Ованесу не хочется открывать глаза. Утром так сладко спится! Малыш решил перехитрить солнышко и спрятать лицо в подушку, но при этом движении он окончательно проснулся и широко открыл глаза.
Тогда ему захотелось поймать солнечные лучи. Они так весело подпрыгивали золотистыми зайчиками по свежевымытому полу и по голубой полотняной скатерти на комоде!
Чтобы лучше разглядеть их игру, а потом поймать, малыш подвинулся на край кроватки и свесил голову. Ему казалось, что лучи пляшут совсем рядом. Он весело рассмеялся и потянулся к солнечным пятнам на полу.

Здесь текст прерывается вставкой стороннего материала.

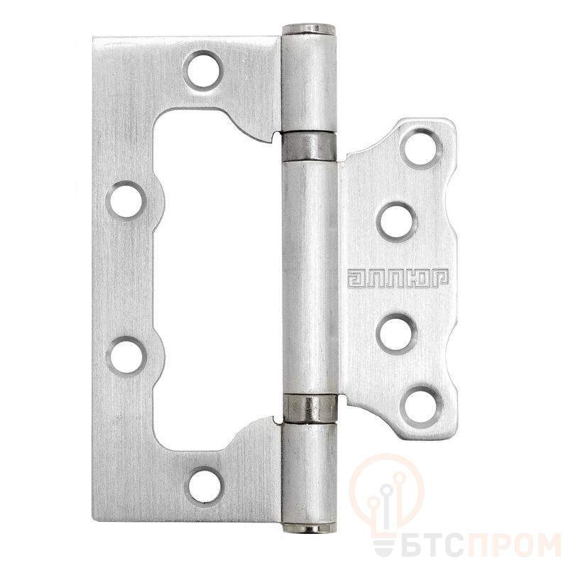 АЛЛЮР 100х75 2BB SCP БЛИСТЕР 2,5мм мат.хром Петля накладная без врезки 2 шт (50,25), , Петля дверная универсальная, без врезки. Предназначена для установки на левые и правые двери. Материал - сталь, гальваническое покрытие. Размер петли - 100х75х2,5 мм. 2 подшипника, плоский колпачок.

Движение оказалось слишком порывистым, и Ованес свалился с кроватки.
Шум от падения и его внезапно раздавшийся плач разбудили братьев, спавших на большой кровати в другом углу комнаты.
Первым вскочил Гарик, который был старше Ованеса на четыре года и в свои семь лет чувствовал себя покровителем младшего брата.
Ованес быстро умолк и начал смеяться, когда Гарик и Гриша подняли его с пола и понесли в большую кровать.
Лишь по воскресеньям Ованесу и Гарику разрешалось кувыркаться у Гриши в постели и даже забираться в отцовскую кровать.
- Что, сегодня разве воскресенье? - тихо спросил малыш у Гарика.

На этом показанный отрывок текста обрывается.